By Svea Herbst-Bayliss
(Reuters) – Billionaire hedge fund manager John Paulson has gotten another dose of bad news.
Morgan Stanley had been watching Paulson’s performance for months and prepared for this move when it told advisers last spring to stop putting new money into those funds, advisers with the firm have said.
Since then losses at the Advantage funds have deepened to double digits, and now the company is recommending, but not requiring, that its advisers tell their wealthy clients it is time to turn their backs on the 57-year-old Paulson.
Morgan Stanley declined to comment.
The move, which is expected to shave some $100 million in assets off the $5.7 billion Advantage and Advantage Plus funds, may be more humiliating than truly harmful for Paulson’s $20 billion firm.

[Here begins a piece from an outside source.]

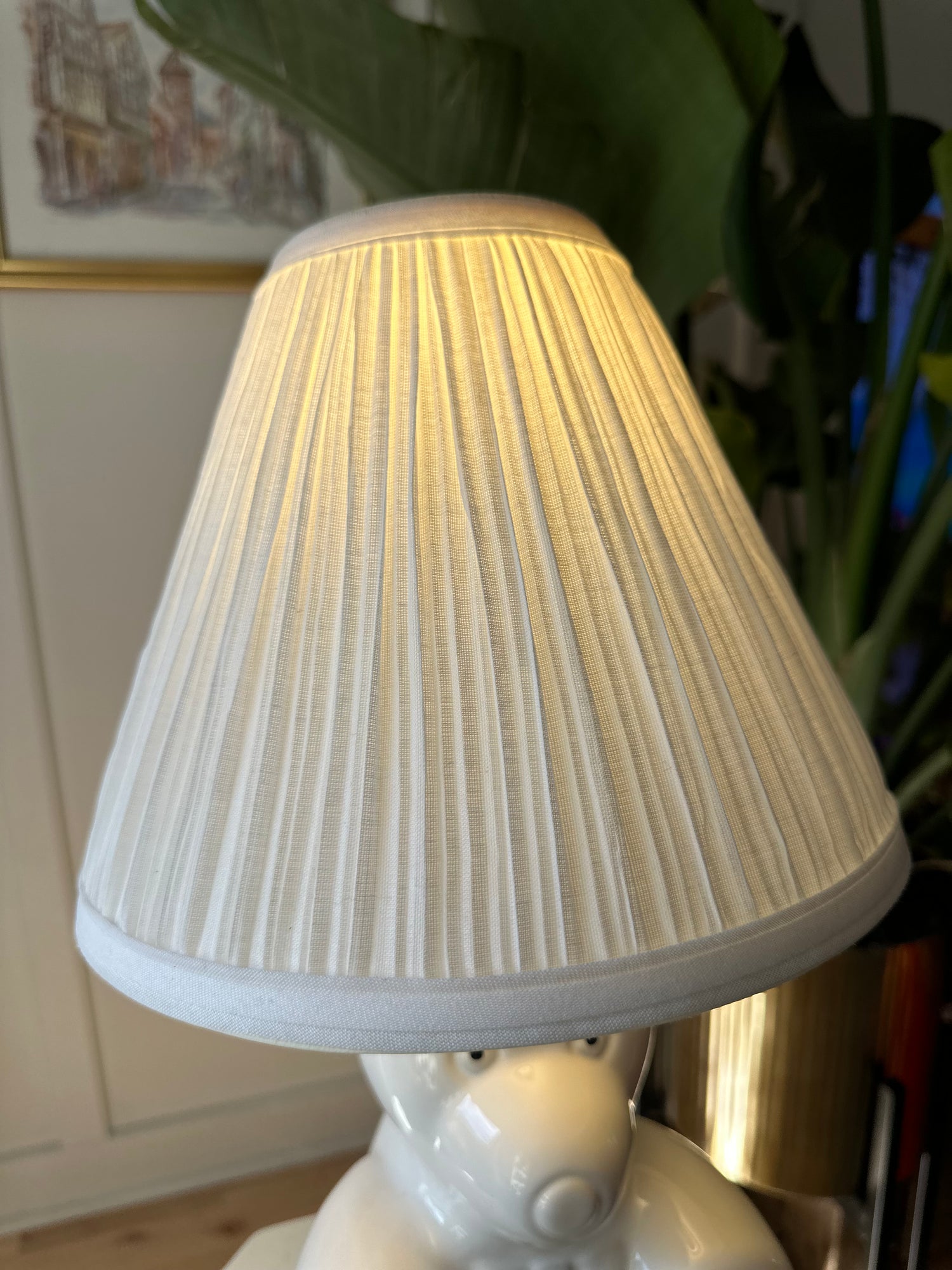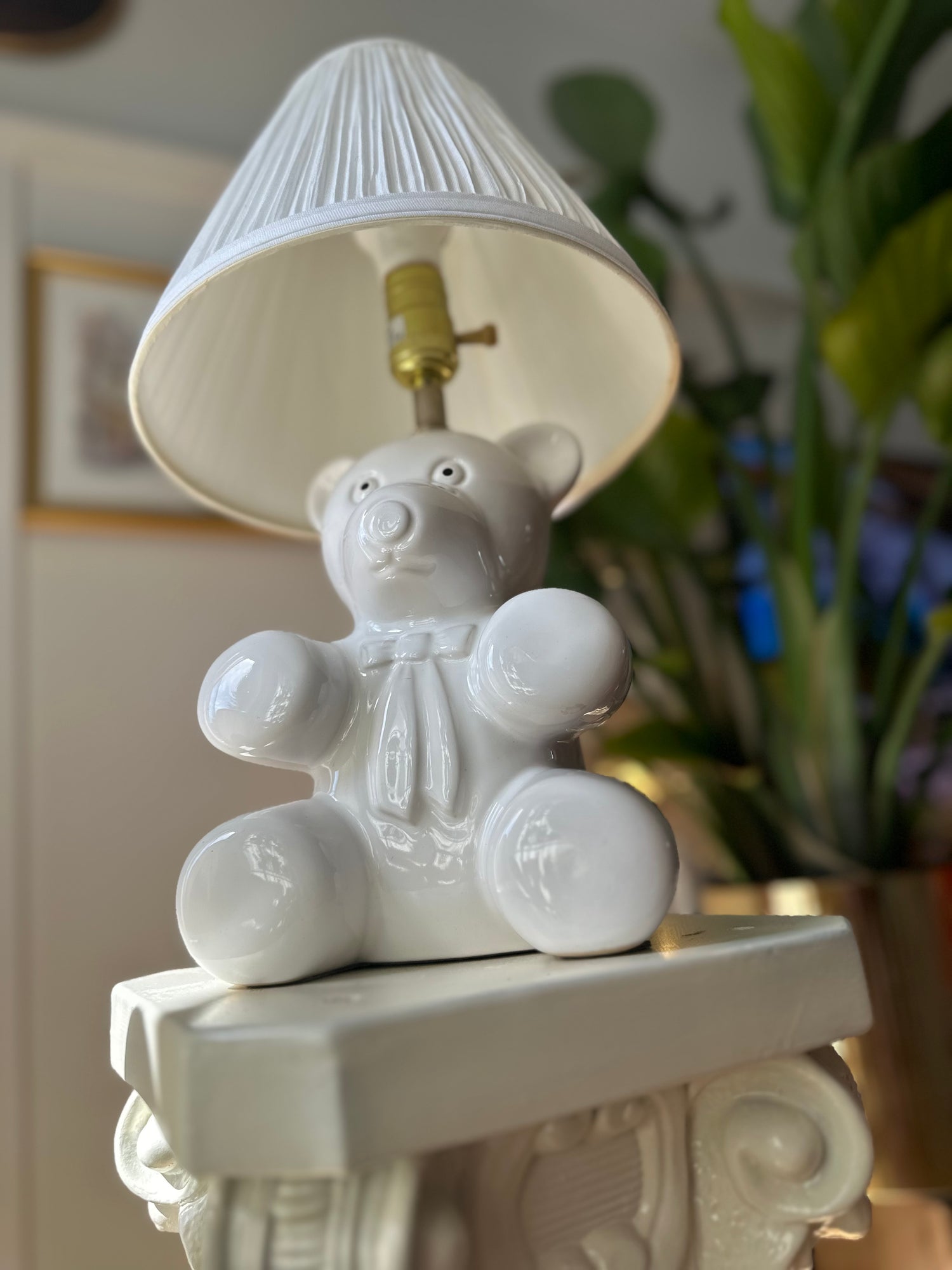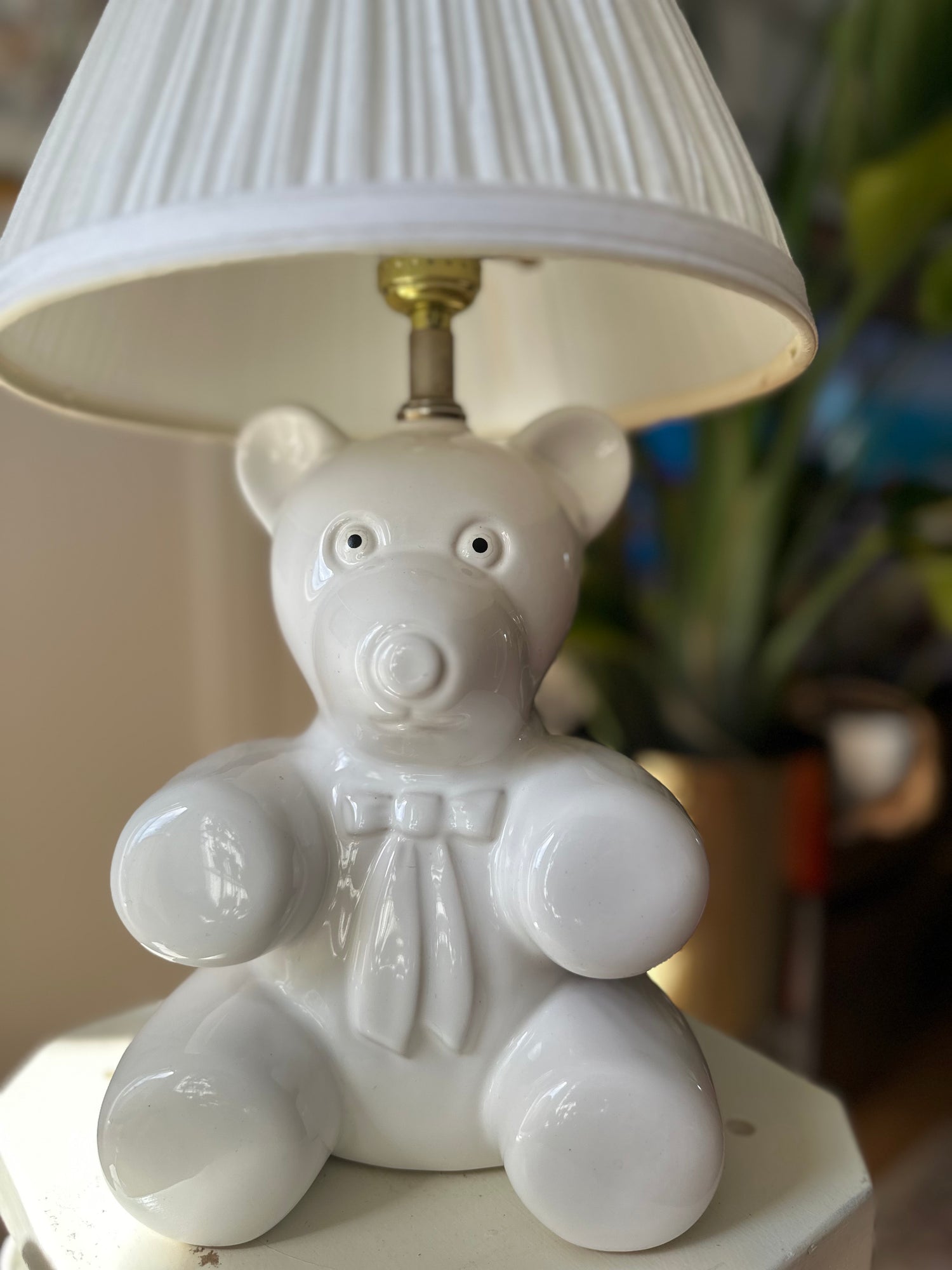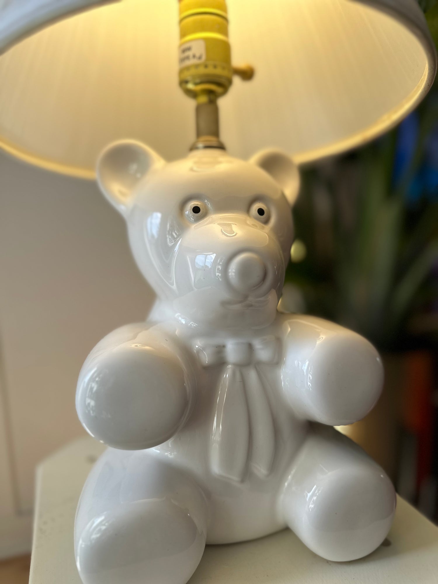 This adorable Teddy Bear Vintage Lamp is the perfect addition to any baby or children's room. With its unique teddy bear shaped design and original fabric shade, it adds a soft and soothing ambience light. A charming and functional piece for a cozy and inviting atmosphere.

Paulson, who makes his money betting on events such as mergers and spinoffs, became a market darling after earning billions by betting against the overheated housing market in 2007. He then won big again with his bet on gold.
People familiar with Paulson’s firm said that expected inflows should easily offset the decline next year.
Additionally, Morgan Stanley Smith Barney advisers are still able to put their investors’ money into two other Paulson funds — the Paulson Partners fund, which specializes in merger-arbitrage and is up about 7 percent through November, and the Credit Opportunities fund, which is up about 6 percent through November.
Investors on the Morgan Stanley platform have already asked to pull out about $36 million of the $100 million that is expected to be redeemed, the person familiar with the numbers said.
The move comes only months after Citigroup’s private bank decided to withdraw $410 million. But Bank of America’s Merrill Lynch unit told investors in August that it was sticking by Paulson and had no plans to exit.
Most recently, Paulson’s funds were hurt when gold prices dipped. Losses in Europe, where Paulson had previously bet on a sovereign default that did not occur, also weighed on the funds.